## Record excerpts
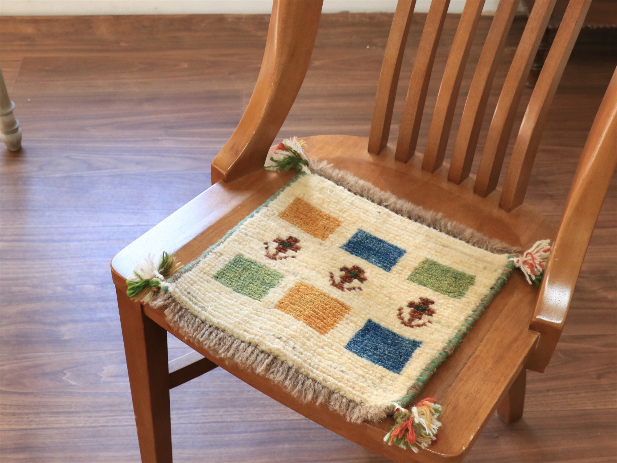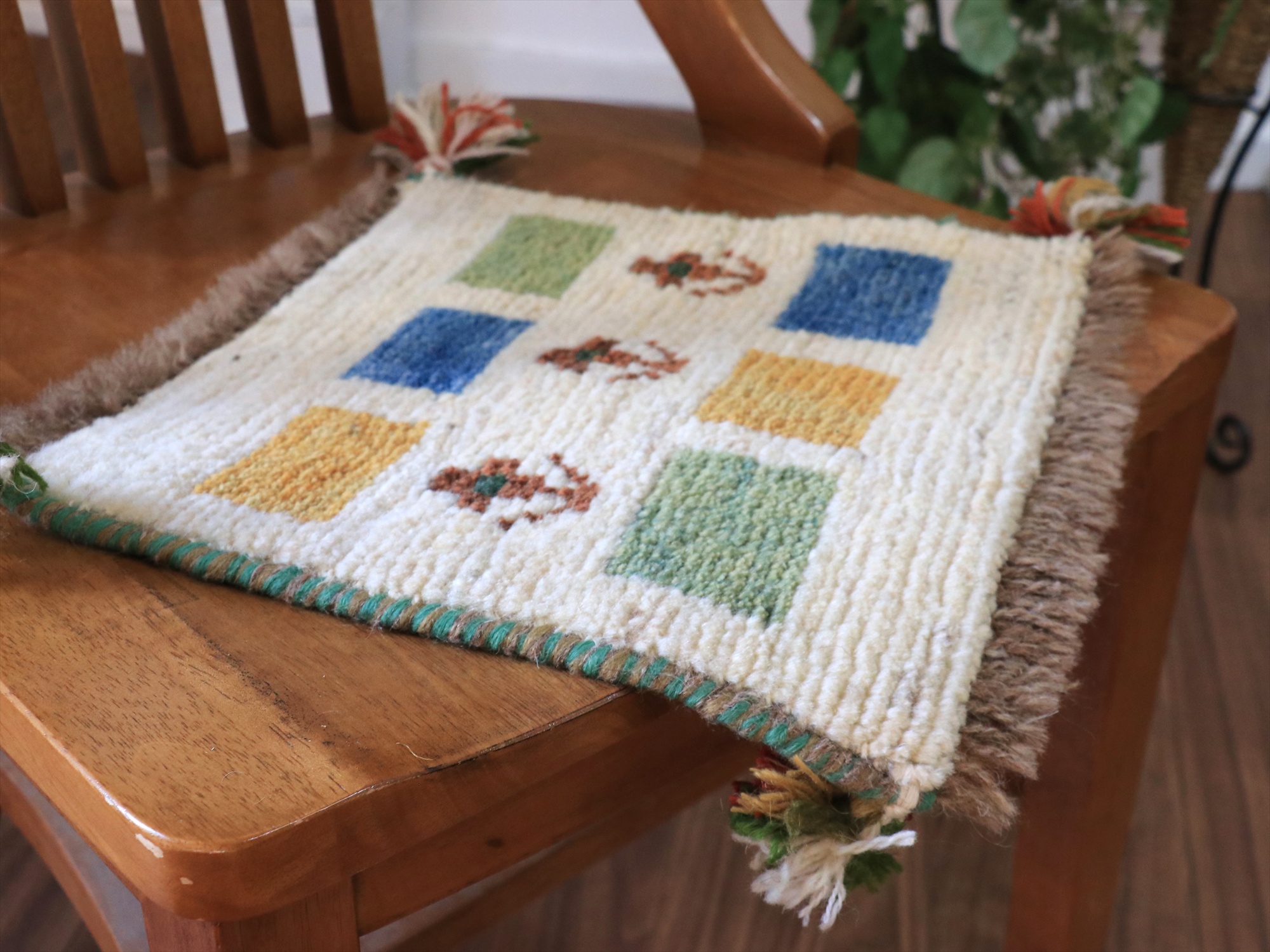 ふかふかした毛足(パイル)で、手触りが気持ちいい手織りのギャッベ。ミニサイズなので、座布団代わりに敷くのはもちろん、ダイニングチェアに敷いたり、絵画のように壁に貼ってデコレーションとしても楽しめます。手織りならではの一枚一枚違ったテイストをお楽しみください。
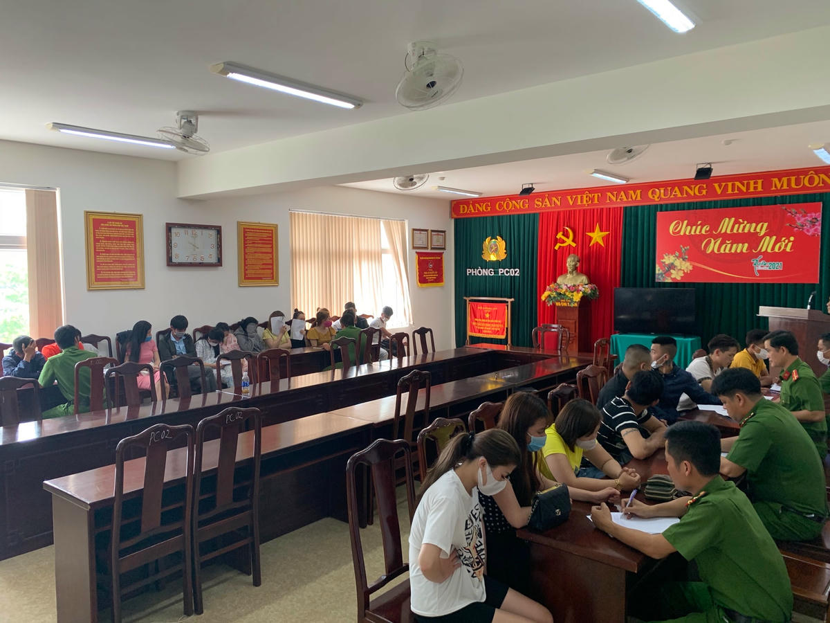 Theo đó, các đối tượng bị bắt giữ gồm 42 người là khách thuê phòng, 4 nhân viên và 1 chủ nhà nghỉ.
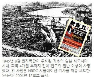 1945년 8월 원자폭탄이 투하된 직후의 일본 히로시마 시내. 피폭 4개월 후까지 전체 인구의 절반 이상이 사망했다. 위 사진은 NRDC 시뮬레이션 기사를 처음 보도한 ‘신동아’ 2004년 12월호 표지.
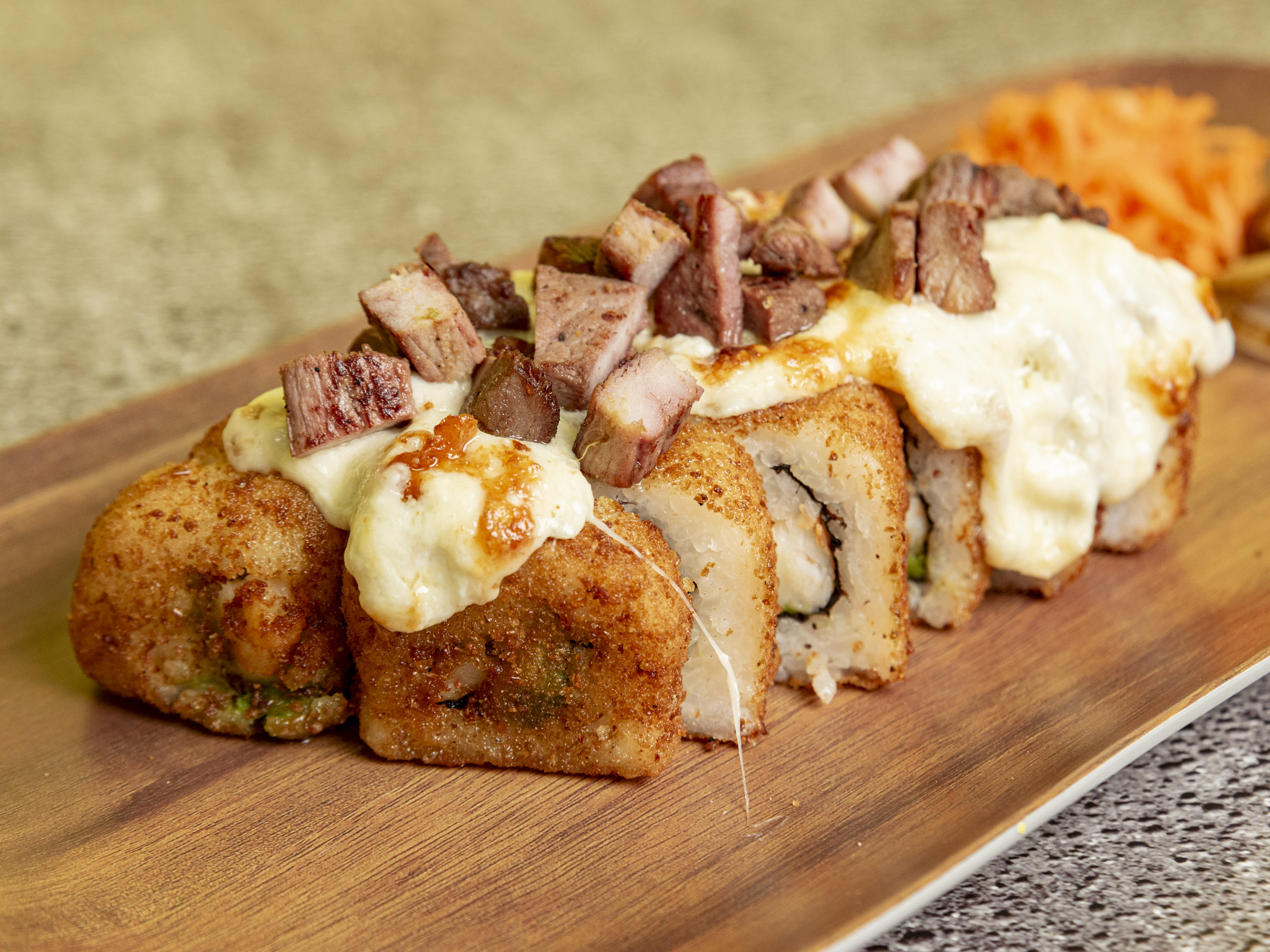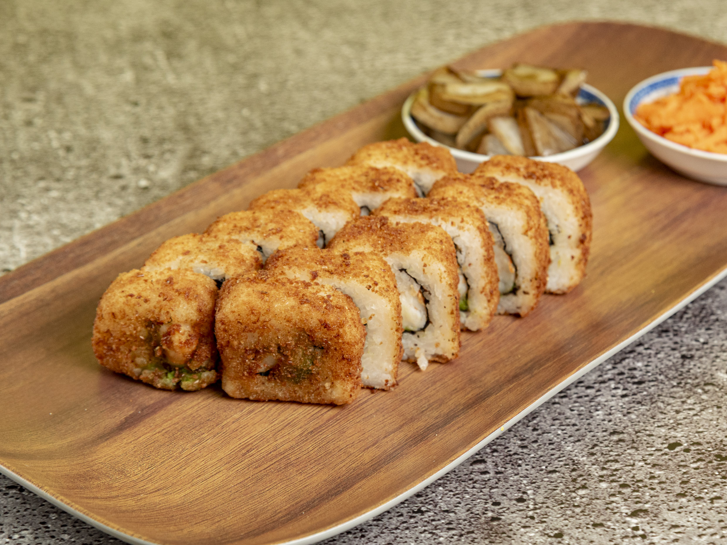 Rollo de camarón, cubierto de philadelphia empanizado
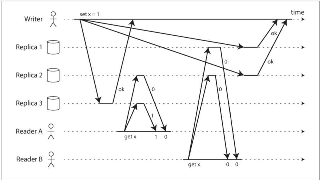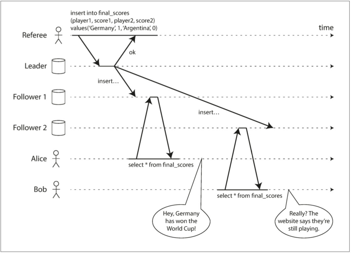 节点在做出决定之前对提议进行投票的过程是一种同步复制。如 “同步复制与异步复制” 中所述,通常数据库会配置为异步复制模式。在这种配置中发生故障切换时,一些已经提交的数据可能会丢失 —— 但是为了获得更好的性能,许多人选择接受这种风险。
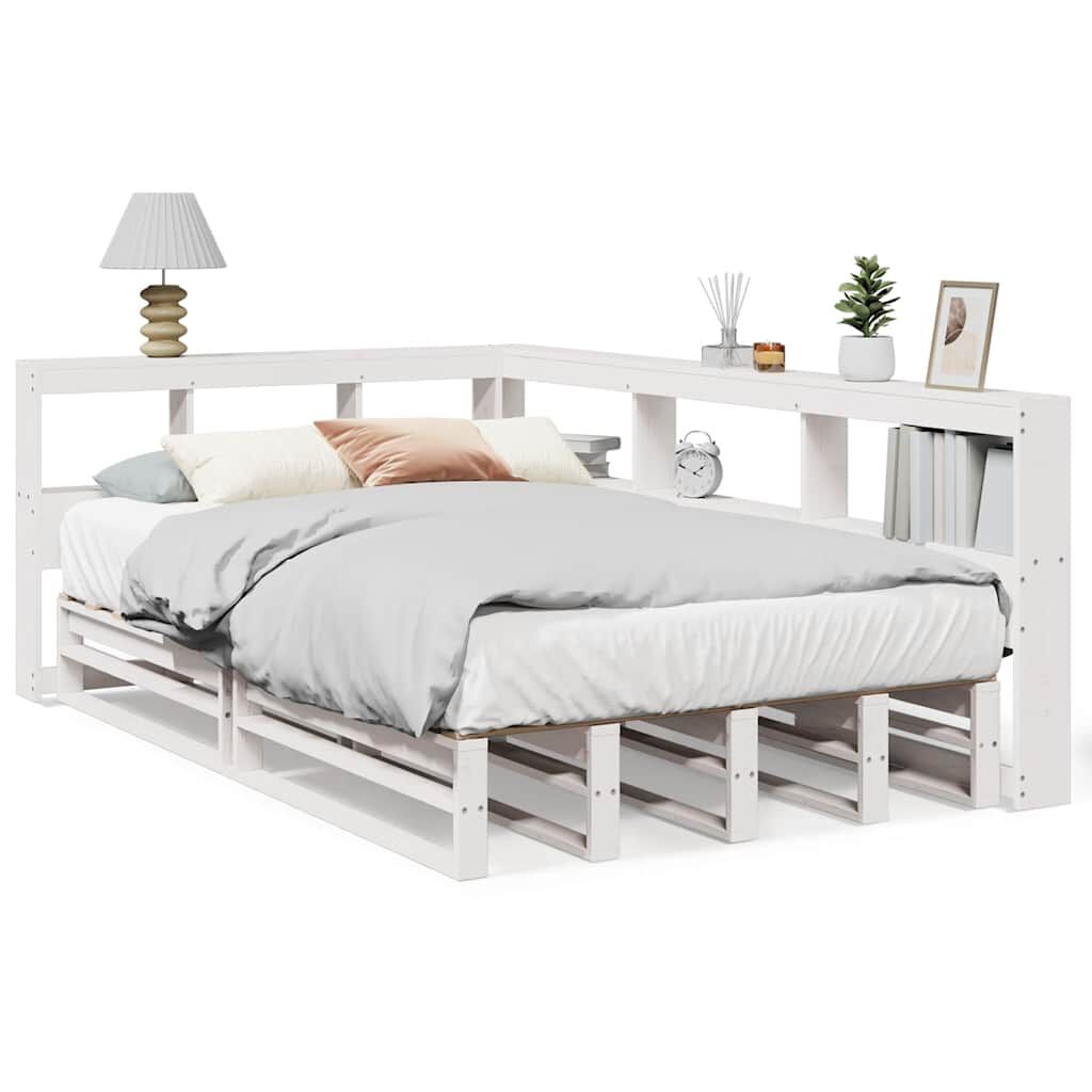 vidaXL Cama com estante sem colchão 120x200 cm pinho maciço branco

## Requirement
Transcribe the data exactly and leave no picture in the copy.

## Result of this exercise
 ふかふかした毛足(パイル)で、手触りが気持ちいい手織りのギャッベ。ミニサイズなので、座布団代わりに敷くのはもちろん、ダイニングチェアに敷いたり、絵画のように壁に貼ってデコレーションとしても楽しめます。手織りならではの一枚一枚違ったテイストをお楽しみください。
 Theo đó, các đối tượng bị bắt giữ gồm 42 người là khách thuê phòng, 4 nhân viên và 1 chủ nhà nghỉ.
 1945년 8월 원자폭탄이 투하된 직후의 일본 히로시마 시내. 피폭 4개월 후까지 전체 인구의 절반 이상이 사망했다. 위 사진은 NRDC 시뮬레이션 기사를 처음 보도한 ‘신동아’ 2004년 12월호 표지.
 Rollo de camarón, cubierto de philadelphia empanizado
 节点在做出决定之前对提议进行投票的过程是一种同步复制。如 “同步复制与异步复制” 中所述,通常数据库会配置为异步复制模式。在这种配置中发生故障切换时,一些已经提交的数据可能会丢失 —— 但是为了获得更好的性能,许多人选择接受这种风险。
 vidaXL Cama com estante sem colchão 120x200 cm pinho maciço branco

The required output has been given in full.